In the records below, find the line with "AccommodationThe Organizing Committee" and repeat exactly every line from it through the line with "- Нарезаем мясо на небольшие кусочки.". Pictures stay out.

# Dataset extract:
+++++

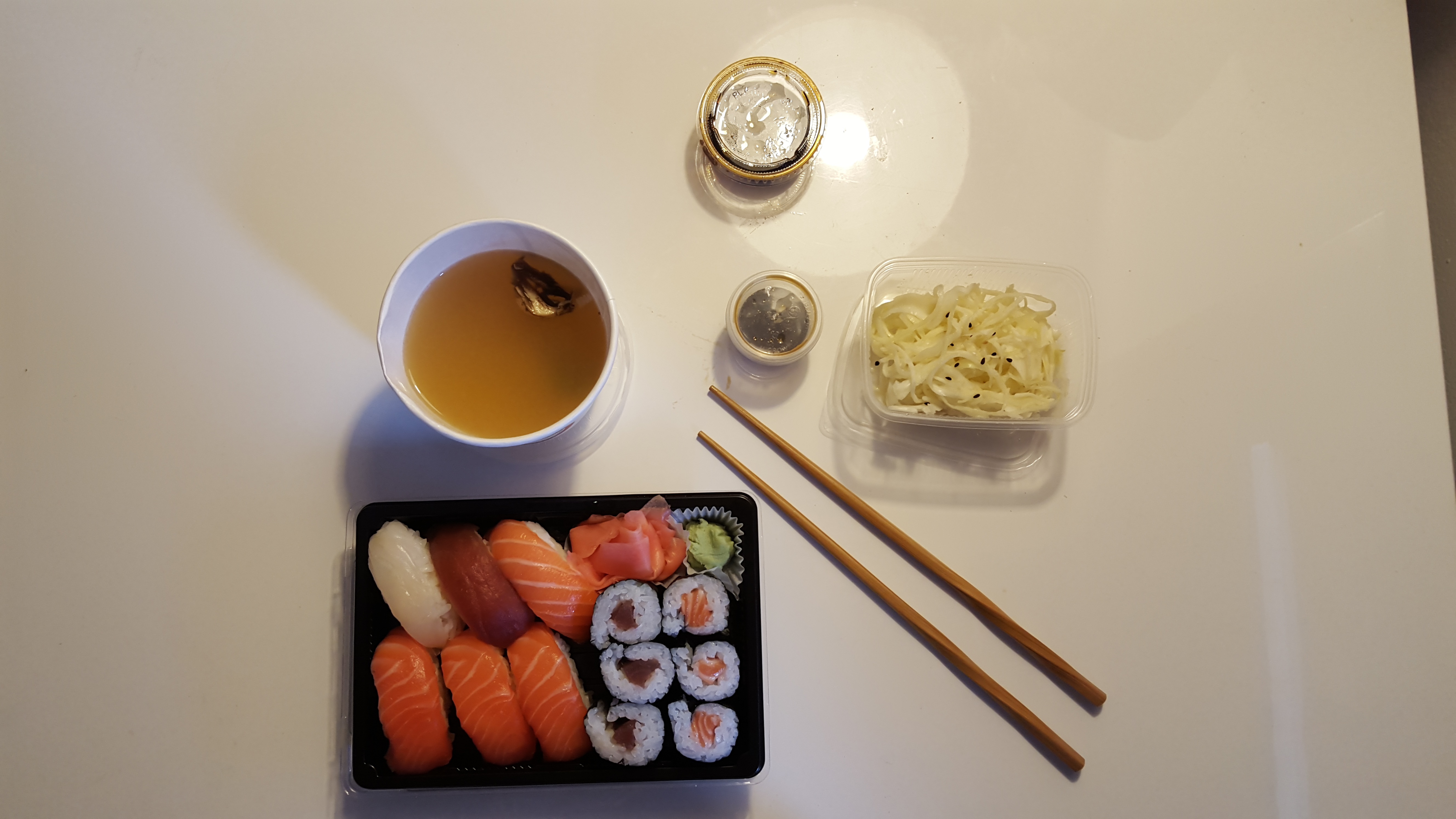 Livraison en moin de 30min sushi frais et délicieux a ne pas manger le lendemain si vous avez pas l’estomac fragile et il faudrez une cuillère pour la soupe miso
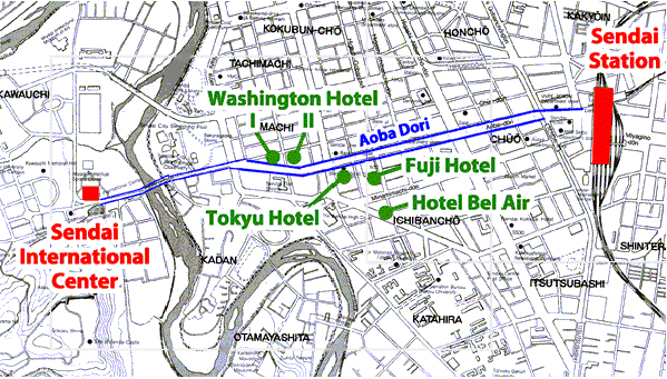 AccommodationThe Organizing Committee has reserved sufficient rooms at discount convention rates to accommodate all participants and accompanying persons. The Accommodation Reservation Form B ( PDF/ HTML ) should be sent by postal mail or fax to Tohoku Communications Inc. (TCS) before October 4. If a room at your first choice hotel is unavailable, the second choice (or third choice) hotel will be assigned. Reservation confirmation and the estimation for the total room charge will be sent to you by E-mail or fax. A brief map around the conference site is here.
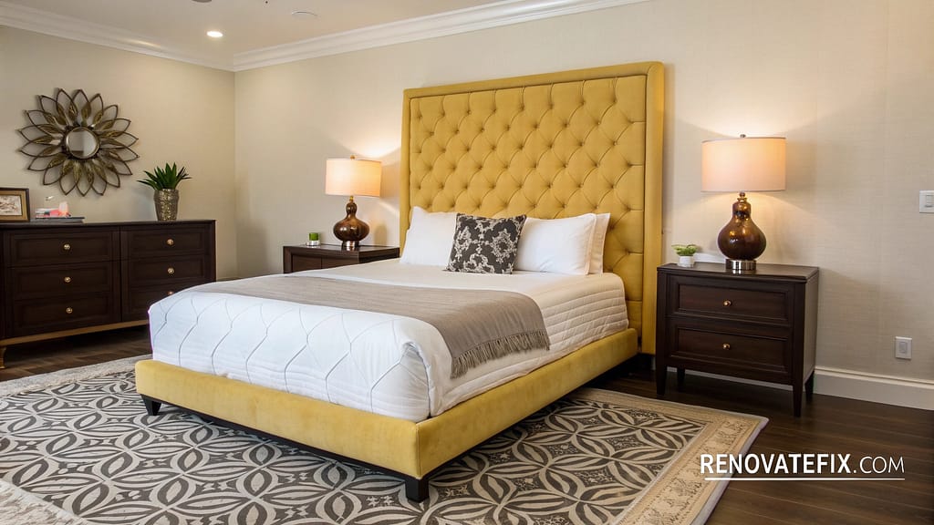 Anchor your bedroom with a maize yellow upholstered headboard that makes a statement while providing comfort.
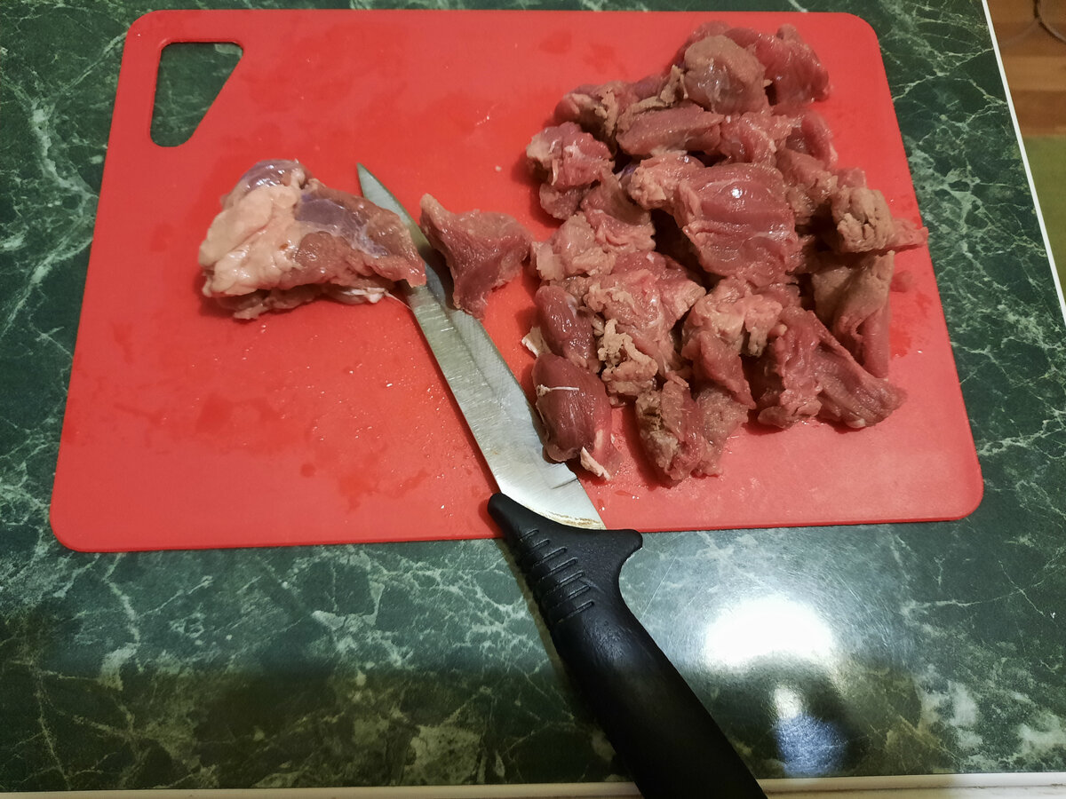 - Нарезаем мясо на небольшие кусочки.
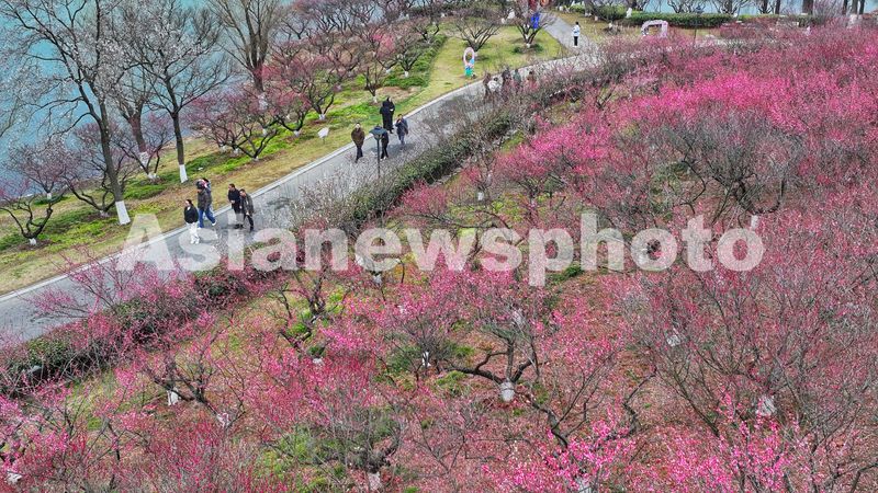 图片说明:2025年3月5日,江苏省张家港市香山风景区香山梅岭近万株梅花进入最佳观赏期,吸引游客前来赏花,亲近自然,感受春天的气息。
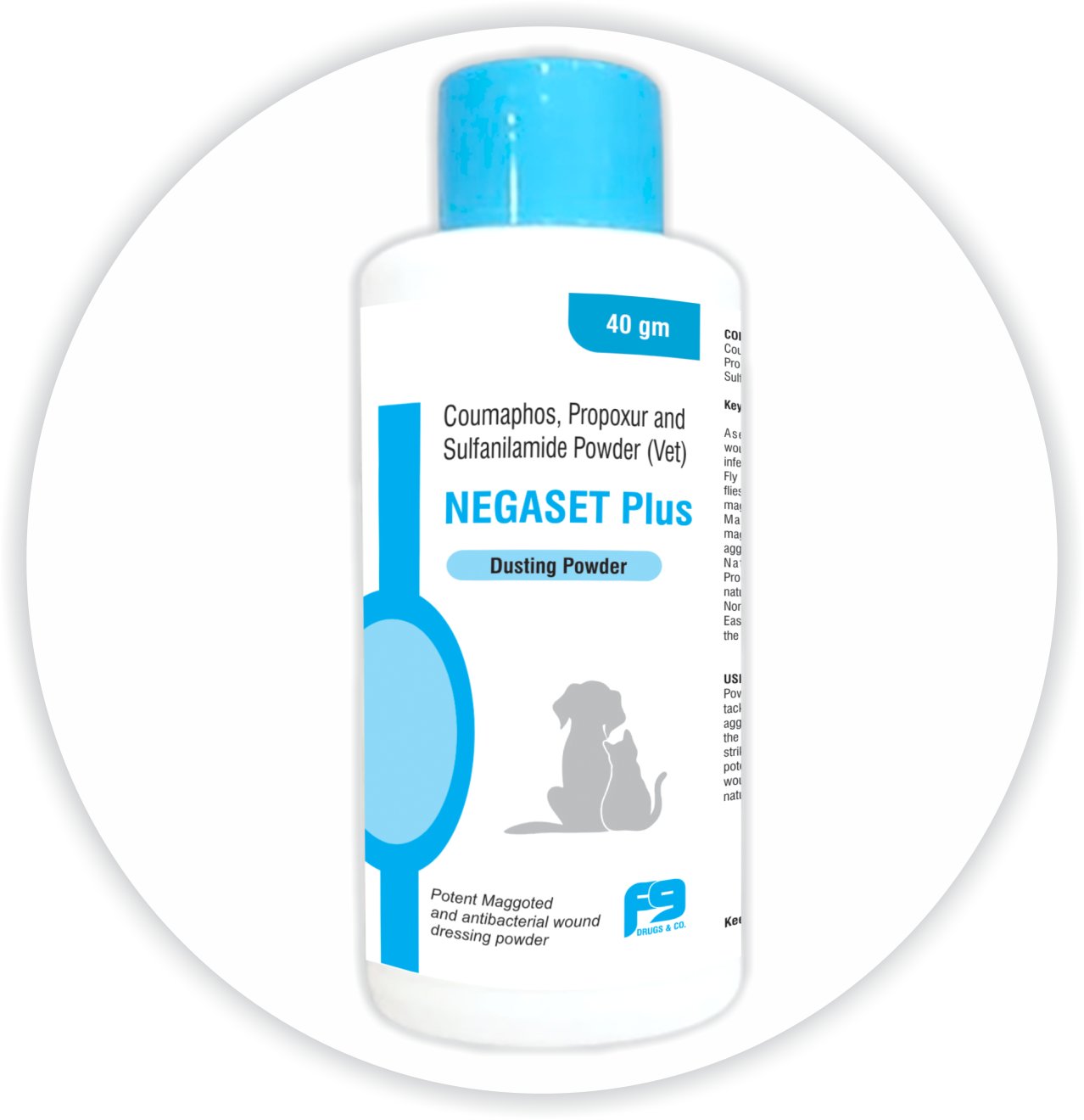 NEGASET PLUS Dusting Powder is a potent and effective wound dressing powder designed to support natural wound healing in animals. Formulated with a unique blend of ingredients, Negasunt maintains aseptic conditions, repels flies, and kills maggots, ensuring a clean and conducive environment for wound recovery.
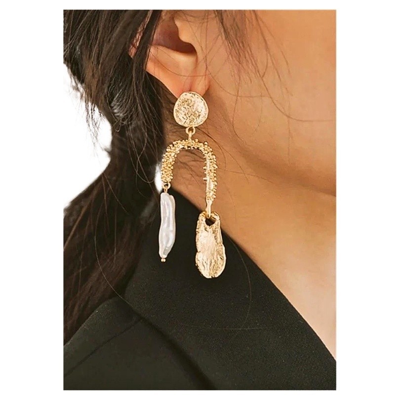 Cercei cu perle Cleopatra - sunt alegerea ideala pentru un look sofisticat si modern. Cu un design aparte, acesti cercei impresioneaza prin forma arcuita si textura neregulata aurie, completata de doua elemente distinctive – o perla de sinteza si un detaliu auriu sculptat.
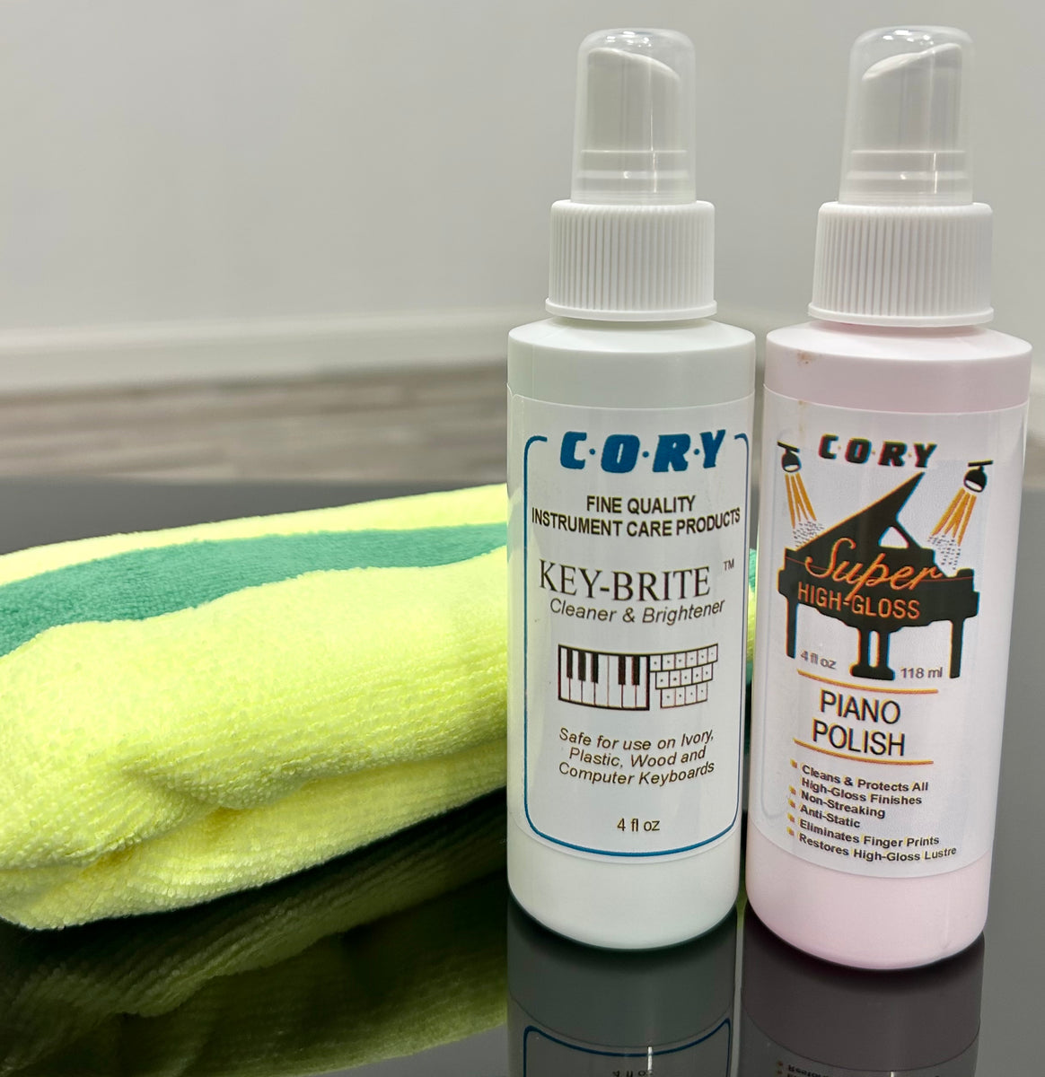 CorCorCorCorRY BUFF BRITE - Pour enlever les rayures sur toutes les surfaces laquées et en laiton. Cory-Set High-Gloss, Klavier Pflegeset - Glänzende Oberflächen... Cory-Set High-Gloss, Klavier Pflegeset - Glänzende Oberflächen Nous recommandons l'utilisation avec le vaporisateur Cory Polisher ---------------------------------------------------------------------------------------------------------------------------------------------- quel produit Cory Super High Gloss – pour toutes les surfaces laquées brillantes CORY SATIN SHEEN – pour toutes les surfaces peintes satinées CORY SATIN POLYESTER – pour toutes les surfaces en polyester satiné, CORY ALL BRITE – pour gomme-laque, pores ouverts. Cory Super High Gloss Polish Cory Super High Gloss 2oz/59 Ml Best Piano Cleaner And Polish Its special formula cleans and protects polyester, polyurethane and painted surfaces in one step. Use CORY Super High Gloss Piano Polish as many times as you like to combat fingerprints, lint and static. The special UV protection prevents the surface from fading quickly Sa formule spéciale nettoie et protège le polyester, le polyuréthane et les surfaces peintes en une seule étape. La protection UV spéciale empêche la décoloration rapide de la surface.
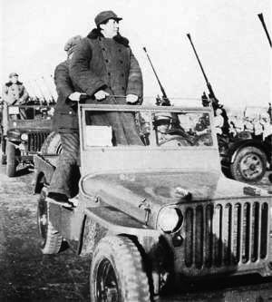 1949年3月,中共中央由河北省平山县西柏坡向北平迁移时,毛泽东坐的是从国民党军队手中缴获的美式军用吉普车,并乘坐它在西苑机场检阅了中国人民解放军受阅部队。这种吉普车用今天的眼光看,会觉得非常简陋:连车门都没有,只是在该装门的地方开了一个缺口;雨刷器是手动的,有一个手摇的曲柄,边开车边用一只手摇动曲柄刮水;车身也很短,后排的空间比较局促,乘坐舒适性很差。可是,这种简陋的汽车当时对于中国共产党人来说,已是奢侈品了。
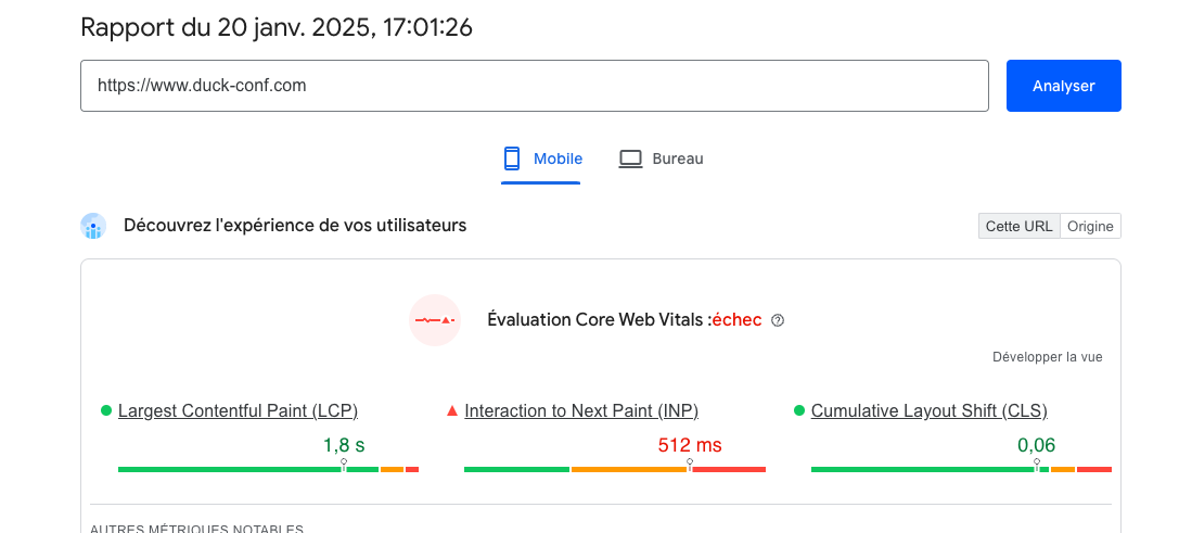 L’INP mesure le temps de réponse des interactions utilisateur. Ce critère est crucial, car tout le monde ne dispose pas d’un smartphone puissant.
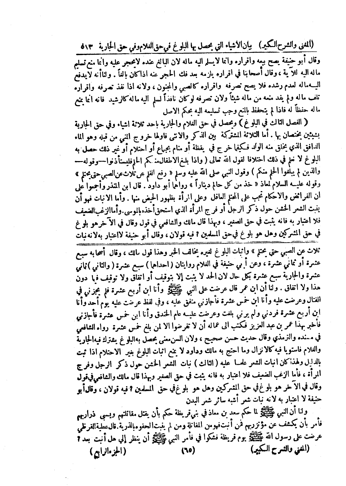 ولنا أن ابن عمر قال عرضت على النبي صلى الله عليه وسلم وأنا ابن أربع عشرة فلم يجزني في القتال وعرضت عليه وأنا ابن خمس عشرة فأجازني متفق عليه، وفي لفظ عرضت عليه يوم أحد وأنا ابن أربع عشرة فردني ولم يرني بلغت وعرضت عليه عام الخندق وأنا ابن خمس عشرة فأجازني فأخبر بهذا عمر بن عبد العزيز فكتب إلى عماله أن لا تفرضوا إلا لمن بلغ خمس عشرة رواه الشافعي في مسنده والترمذي وقال حديث حسن صحيح، ولأن السن معنى يحصل به البلوغ يشترك فيه الجارية والغلام فاستويا فيه كالإنزال وما احتج به مالك وداود لايمنع اثبات البلوغ بغير الاحتلام إذا ثبت بالدليل ولهذا كان انبات الشعر علماً عليه (الثالث) نبات الشعر الخشن حول ذكر الرجل وفرج المرأة، فأما الزغب الضعيف فلا اعتبار به فإنه يثبت في حق الصغير وبهذا قال مالك والشافعي في قول وقال في الآخر هو بلوغ في حق المشركين وهل هو بلوغ في حق المسلمين؟ فيه قولان، وقال أبو حنيفة لااعتبار به لأنه نبات شعر أشبه سائر شعر البدن
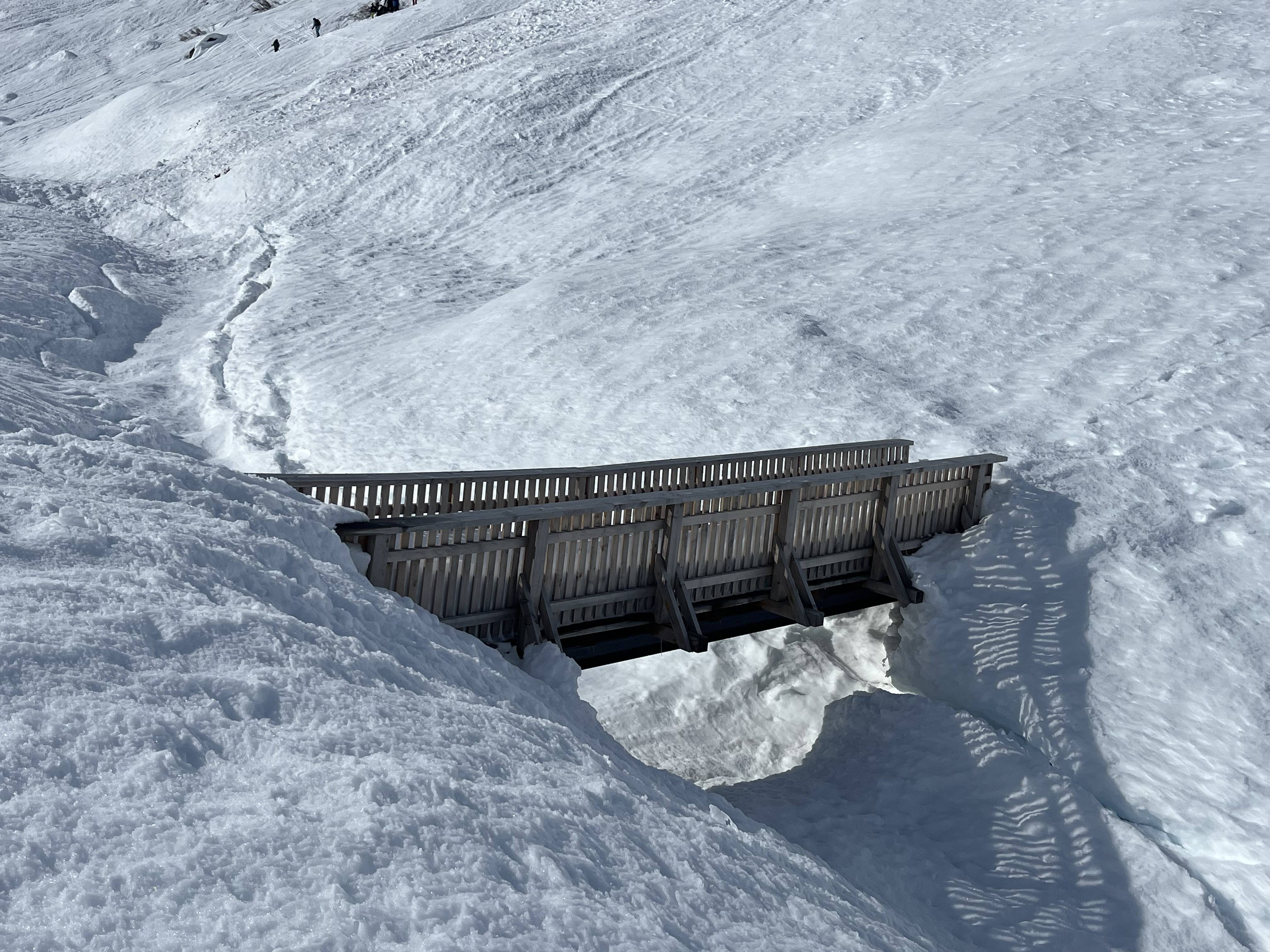 Eine Ratrac Spur welche Richtung St.Antönierjoch führt gibt uns Rätsel auf, für welchen Zweck diese wohl dient? Bequem steigen wir in dieser Spur auf und erreichen in weiteren ca. 45min das St. Antönierjoch. Oder ist es etwa das Gargällerjoch. Schlaue Köpfe vertreten die Meinung, je nachdem von welcher Seite man kommt, heisst es so oder anders…!
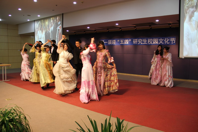 晚上的活动包括英语协会排练的英文话剧《傲慢与偏见》,以及文艺协会发起的“北国会好声音”校园歌手大赛。经过近半年的认真排练,演员们在台上的表演忘我、细腻、真诚、生动,感染着现场每位观众,把大家带入剧情中,随着剧中人物的情感或喜或悲。紧随其后的校园歌手大赛共有20组同学参加,从国语到英语,从流行歌曲到民族歌曲,从通俗音乐到传统京剧,从独唱、对唱到小合唱,颇具专业水准。经过激烈的角逐,来自2013级在职研究生的马轩摘得了桂冠。

+++++

# Response to the task:
 AccommodationThe Organizing Committee has reserved sufficient rooms at discount convention rates to accommodate all participants and accompanying persons. The Accommodation Reservation Form B ( PDF/ HTML ) should be sent by postal mail or fax to Tohoku Communications Inc. (TCS) before October 4. If a room at your first choice hotel is unavailable, the second choice (or third choice) hotel will be assigned. Reservation confirmation and the estimation for the total room charge will be sent to you by E-mail or fax. A brief map around the conference site is here.
 Anchor your bedroom with a maize yellow upholstered headboard that makes a statement while providing comfort.
 - Нарезаем мясо на небольшие кусочки.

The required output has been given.